As the crystalline resin, a crystalline polyester resin is preferable, and an aliphatic crystalline polyester resin having an appropriate melting point is more preferable. Hereinafter, a crystalline polyester resin will be described as an example.
Some crystalline aliphatic polyesters, such as polycaprolactone, progress through ring-opening polymerization, but many are synthesized from an acid (dicarboxylic acid) component and an alcohol (diol) component. The “acid-derived constituent component” refers to a constituent portion that was an acid component prior to the synthesis of the polyester resin, and the “alcohol-derived constituent component” refers to a configuration that was the alcohol component prior to the synthesis of the polyester resin. Refers to the site.

When the polyester resin is not crystalline, that is, non-crystalline, it may be difficult to maintain toner blocking resistance and image storage stability while ensuring good low-temperature fixability.
In the present embodiment, “crystalline polyester resin” means that the half-value width of the endothermic peak observed in differential scanning calorimetry (DSC) is 6 ° C. or less, and other polyester resins are It means an amorphous polyester resin.
In the present embodiment, the “polyester resin” is not only a resin having a pure polyester structure, but also a polymer in which other components are copolymerized with respect to the polyester main chain. A polymer is also meant.

-Acid-derived constituent component The acid-derived constituent component is preferably an aliphatic dicarboxylic acid, and particularly preferably a linear carboxylic acid.
For example, succinic acid, malonic acid, succinic acid, glutaric acid, adipic acid, pimelic acid, suberic acid, azelic acid, sebacic acid, 1,9-nonanedicarboxylic acid, 1,10-decanedicarboxylic acid, 1,11-undecanedicarboxylic acid Acid, 1,12-dodecanedicarboxylic acid, 1,13-tridecanedicarboxylic acid, 1,14-tetradecanedicarboxylic acid, 1,16-hexadecanedicarboxylic acid, 1,18-octadecanedicarboxylic acid, etc., or lower alkyl esters thereof And acid anhydrides, but are not limited thereto.

As the acid-derived constituent component, in addition to the above-mentioned aliphatic dicarboxylic acid-derived constituent component, constituent components such as a dicarboxylic acid-derived constituent component having a double bond and a dicarboxylic acid-derived constituent component having a sulfonic acid group are included. Is preferred.
The component derived from a dicarboxylic acid having a double bond is derived from a lower alkyl ester or acid anhydride of a dicarboxylic acid having a double bond, in addition to a component derived from a dicarboxylic acid having a double bond. Components are also included. The dicarboxylic acid-derived constituent component having a sulfonic acid group is derived from a lower alkyl ester or acid anhydride of a dicarboxylic acid having a sulfonic acid group, in addition to a constituent component derived from a dicarboxylic acid having a sulfonic acid group. Components are also included.

The dicarboxylic acid having a double bond can be suitably used to prevent hot offset at the time of fixing since the entire resin can be crosslinked using the double bond. Examples of the dicarboxylic acid include, but are not limited to, fumaric acid, maleic acid, 3-hexenedioic acid, and 3-octenedioic acid. Moreover, these lower alkyl esters, acid anhydrides, etc. are also mentioned. Among these, fumaric acid, maleic acid and the like are preferable in terms of cost.
The dicarboxylic acid having a sulfonic acid group is effective in that it can favorably disperse a coloring material such as a pigment.

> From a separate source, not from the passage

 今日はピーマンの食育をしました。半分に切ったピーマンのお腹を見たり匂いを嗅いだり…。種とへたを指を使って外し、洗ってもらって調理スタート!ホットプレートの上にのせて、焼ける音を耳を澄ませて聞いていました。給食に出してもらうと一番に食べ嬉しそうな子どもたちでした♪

  Further, when the toner base particles are prepared by emulsifying or suspending the whole resin in water, if there is a sulfonic acid group, it can be emulsified or suspended without using a surfactant as described later. . Examples of the dicarboxylic acid having a sulfone group include, but are not limited to, 2-sulfoterephthalic acid sodium salt, 5-sulfoisophthalic acid sodium salt, and sulfosuccinic acid sodium salt. Moreover, these lower alkyl esters, acid anhydrides, etc. are also mentioned. Among these, 5-sulfoisophthalic acid sodium salt is preferable in terms of cost.

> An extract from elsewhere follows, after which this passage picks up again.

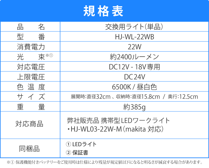 HEMAJUN 投光器 単品 led 折りたたみ投光器 マキタ と互換性あり 22W 2400lm 18V専用 6500K 作業灯 ライト 充電式 スイッチ付 屋外 昼光色
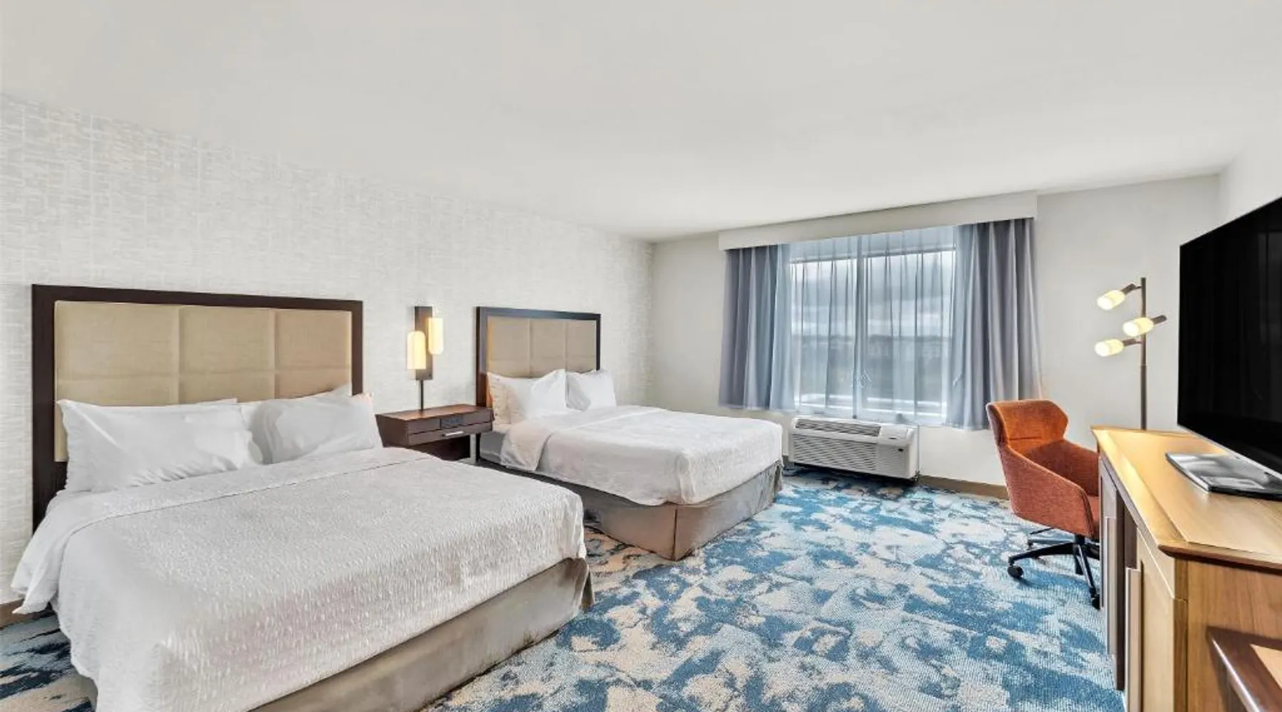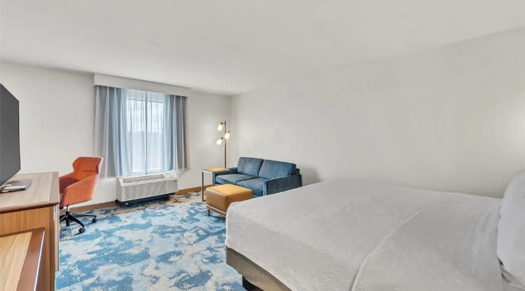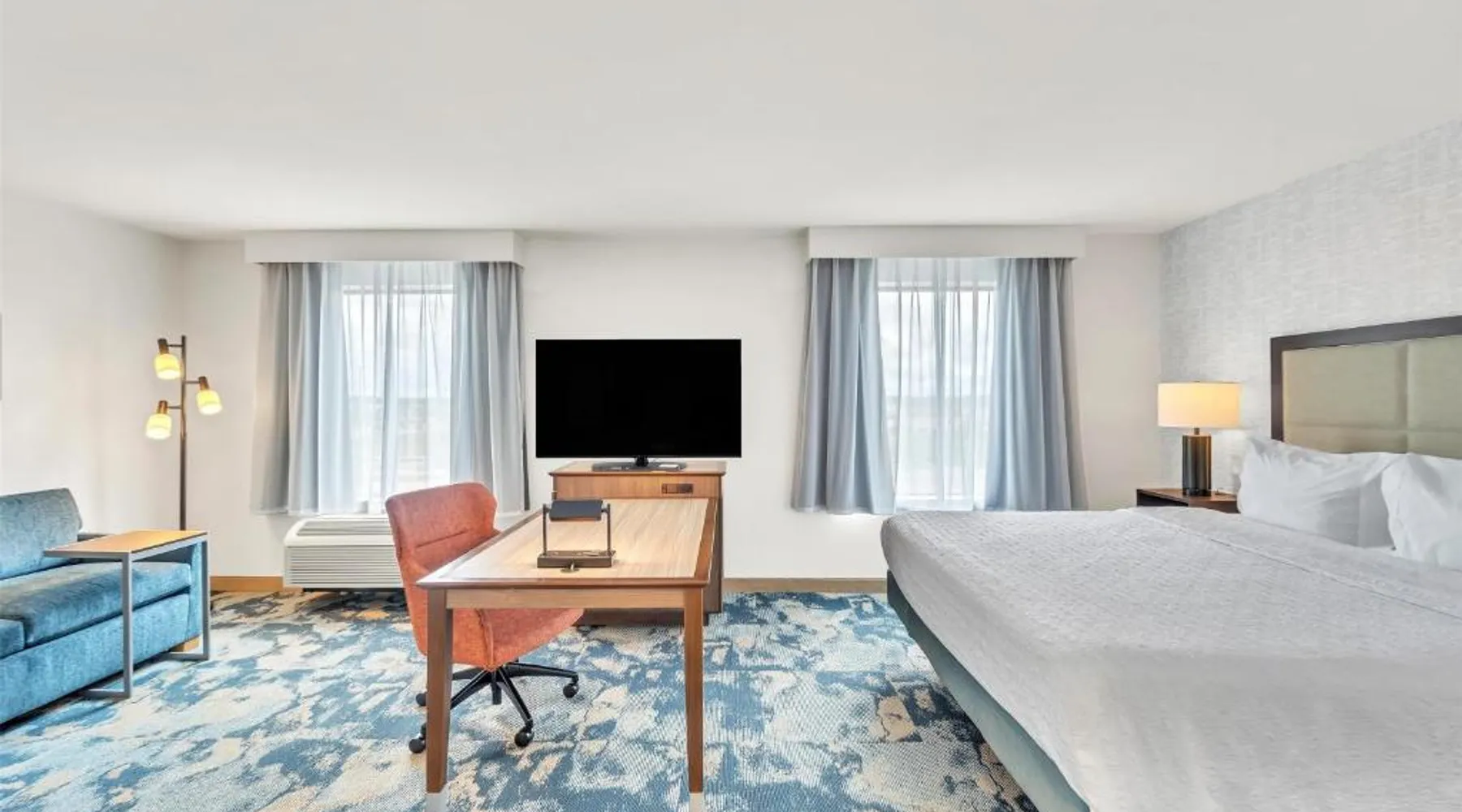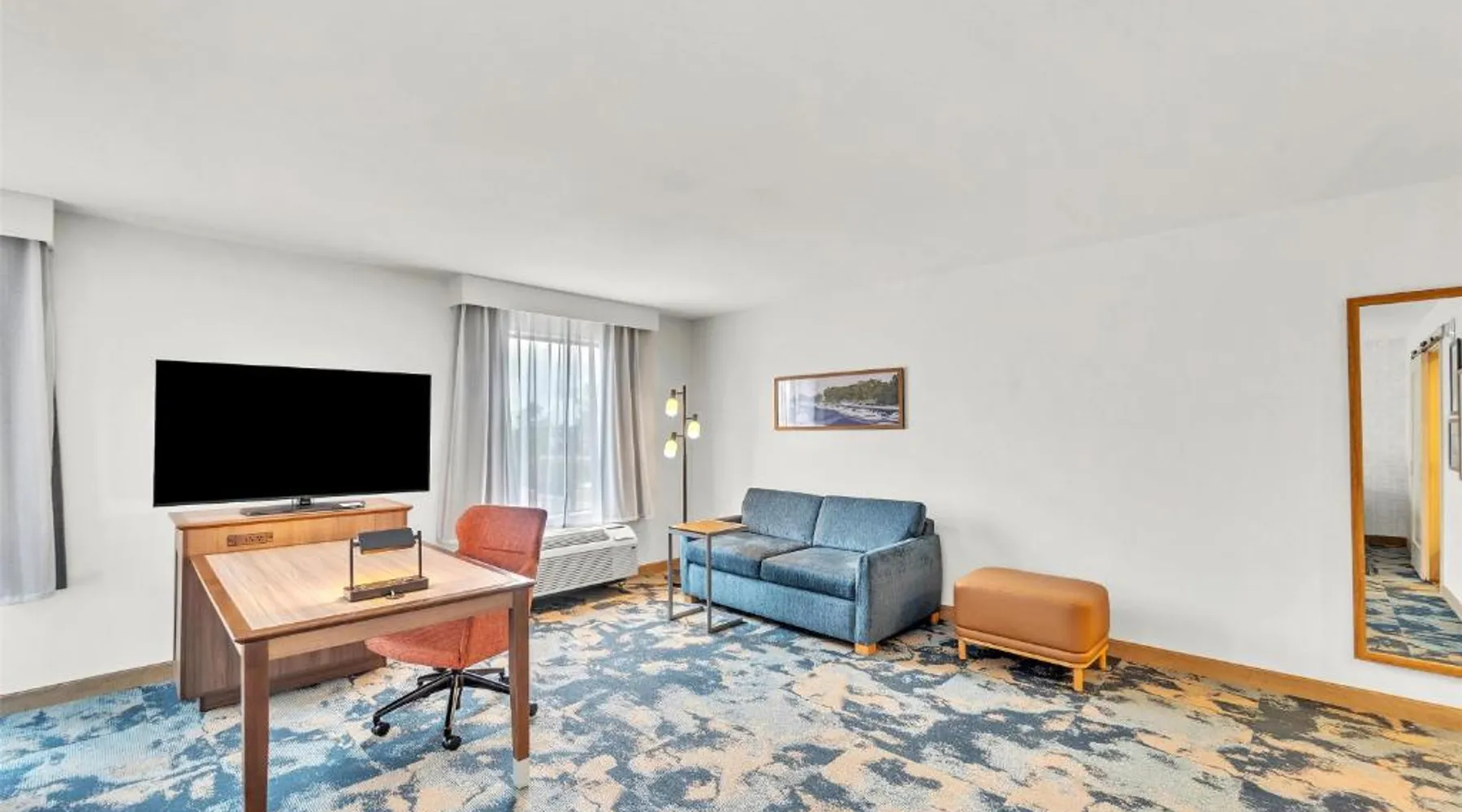 Comfortable Accommodations: Rooms feature air-conditioning, free WiFi, and amenities such as a tea and coffee maker, hairdryer, refrigerator, microwave, and TV. Additional comforts include sofa beds, work desks, and seating areas. Facilities and Services: Guests can enjoy a fitness center, indoor swimming pool, and free on-site private parking. The hotel offers a 24-hour front desk, business area, laundry service, bicycle parking, and express check-in and check-out. Dining Options: A child-friendly buffet provides American breakfast, while the property also offers a variety of dining options. Location and Attractions: Located in Kenosha, the hotel is 27 mi from Milwaukee Mitchell International Airport. Nearby attractions include Six Flags Great America (16 mi), Dinosaur Discovery Museum (8.1 mi), and Carthage College (11 mi). Guests appreciate the room cleanliness, convenient location, and breakfast provided by the property. This studio has a tea and coffee maker, a seating area and a flat-screen TV. The unit has 3 beds.

Content of acid-derived components other than aliphatic dicarboxylic acid-derived components (dicarboxylic acid-derived components having double bonds and / or dicarboxylic acid-derived components having sulfonic acid groups) in the acid-derived components Is preferably from 1 component mol% to 20 component mol%, more preferably from 2 component mol% to 10 component mol%.
When the content is less than 1 constituent mol%, pigment dispersion may not be good, the emulsified particle diameter may be large, and adjustment of the toner diameter by aggregation may be difficult. On the other hand, if it exceeds 20 component mol%, the crystallinity of the polyester resin is lowered, the melting point is lowered, the image storage stability is deteriorated, or the emulsion particle size is too small to dissolve in water, and no latex is produced. Sometimes.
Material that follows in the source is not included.